In 1974, she left for Washington to work as a legislative liaison for two law firms involved in American Indian rights. In 1978, President Jimmy Carter appointed her a Congressional liaison for Indian Affairs, which allowed her to help draft legislation to protect Indian lands and tribal government tax status. She also worked for the National Congress of American Indians.
Ms. Harjo has spoken regularly on the issue of team names and held protests, including one at the Super Bowl in 1992, in Minneapolis, when the Redskins played the Buffalo Bills. At the time, Stephen R. Baird, a young lawyer who had clerked in federal court in Washington, was preparing a law review article on an obscure part of the Lanham Act that forbids trademarks that disparage people.
“There was really no precedent,” said Mr. Baird, who now works for Winthrop & Weinstine in Minneapolis. “So I asked, Why hasn’t anyone challenged them on that basis?”
Mr. Baird approached Ms. Harjo, and in September 1992 a legal battle began when Harjo et al. v. Pro Football Inc., the corporate name of the Redskins, was filed with the Trademark Trial and Appeal Board. After the three-judge panel agreed to remove the protections, the case was appealed, and a federal judge overturned the decision, saying that the plaintiffs had waited too long to file their case, something that Ms. Harjo and others call a technicality. The Supreme Court declined to hear the appeal.
“Those of us who were plaintiffs have passed on, and many of us have become grandfathers and grandmothers, and our hair has turned grayer, and still we haven’t been heard on our merits,” said Manley A. Begay Jr., a co-plaintiff who teaches at the University of Arizona. Referring to a once common term for blacks, he added, “After Sambo was removed years and years ago, we still have to deal with these mascots.”
To get around the court’s argument that too much time had passed, Ms.
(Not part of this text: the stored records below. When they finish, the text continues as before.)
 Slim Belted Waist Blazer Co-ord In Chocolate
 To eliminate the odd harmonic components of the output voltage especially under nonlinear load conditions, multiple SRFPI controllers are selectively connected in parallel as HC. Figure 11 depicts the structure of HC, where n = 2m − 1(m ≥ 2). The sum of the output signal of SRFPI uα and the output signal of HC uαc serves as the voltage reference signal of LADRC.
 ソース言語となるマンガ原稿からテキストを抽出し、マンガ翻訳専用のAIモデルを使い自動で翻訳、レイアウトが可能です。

Harjo organized another case with younger American Indian plaintiffs. Oral arguments in that case were heard in March, and Ms. Harjo and others expect a decision perhaps by the end of the year. They are optimistic because, among other things, both sides agreed to recycle the records from the Harjo case as the foundation for this one.
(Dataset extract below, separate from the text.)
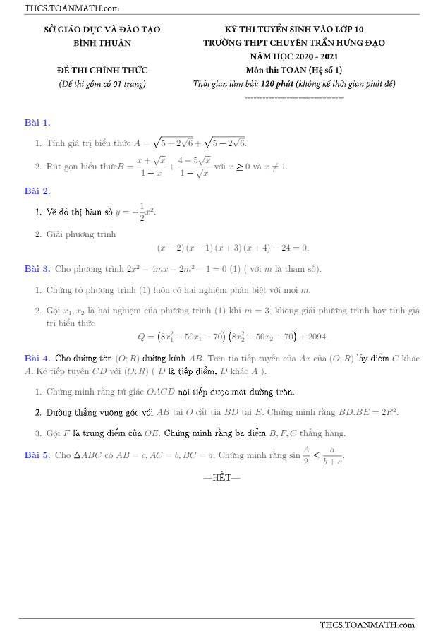Đề thi vào 10 môn Toán (hệ số 1) năm 2020 2021 trường chuyên Trần Hưng Đạo Bình Thuận

Even if Ms. Harjo and her compatriots prevail in that case, Mr. Snyder will still be able to use the Redskins name. But the federal government would no longer be obliged to protect the team’s trademarks, and thus less likely to seize counterfeit goods, a potentially expensive exemption that could hit the team and league in the pocketbook.
“You’re not just dealing with the Washington franchise, but the whole of the N.F.L.,” Ms. Harjo said. “It’s one monolith after another laden with money and the power it represents.”